▶ [The task]: From the listing that follows, reproduce only the lines from the one holding "Autumn and winter" through the one holding "- Puños: de", both included, with no pictures.

▶ [Supplied entries]:
=== Section Start ===

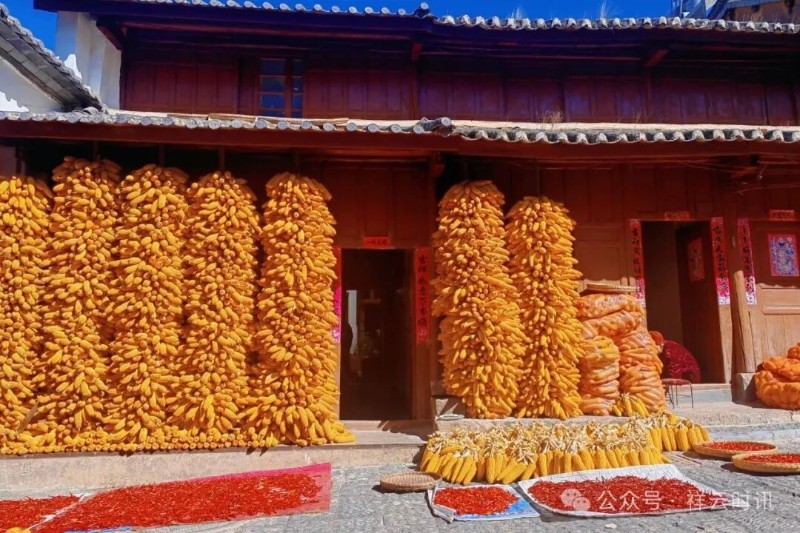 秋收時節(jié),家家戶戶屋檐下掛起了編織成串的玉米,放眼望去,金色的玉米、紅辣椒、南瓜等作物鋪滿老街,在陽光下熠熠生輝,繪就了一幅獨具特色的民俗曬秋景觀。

=== Section End ===
=== Section Start ===

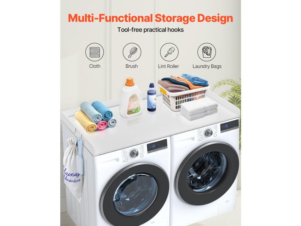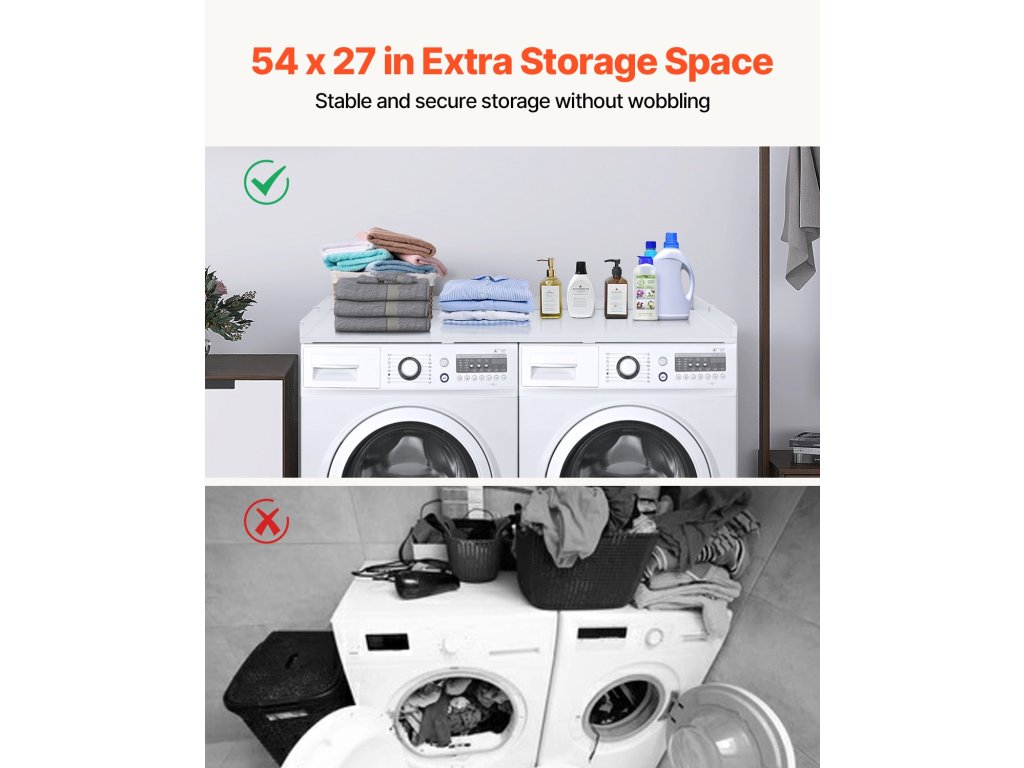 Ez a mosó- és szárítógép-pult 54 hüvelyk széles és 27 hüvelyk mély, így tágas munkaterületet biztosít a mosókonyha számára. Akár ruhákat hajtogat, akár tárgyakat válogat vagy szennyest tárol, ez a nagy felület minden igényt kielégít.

=== Section End ===
=== Section Start ===

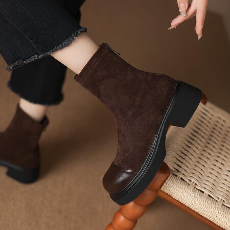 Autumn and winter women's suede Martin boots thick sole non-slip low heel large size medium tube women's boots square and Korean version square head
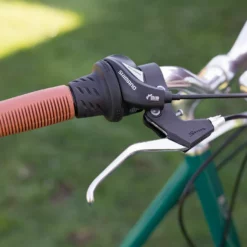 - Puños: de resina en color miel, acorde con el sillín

=== Section End ===

▶ [Solved exercise]:
 Autumn and winter women's suede Martin boots thick sole non-slip low heel large size medium tube women's boots square and Korean version square head
 - Puños: de resina en color miel, acorde con el sillín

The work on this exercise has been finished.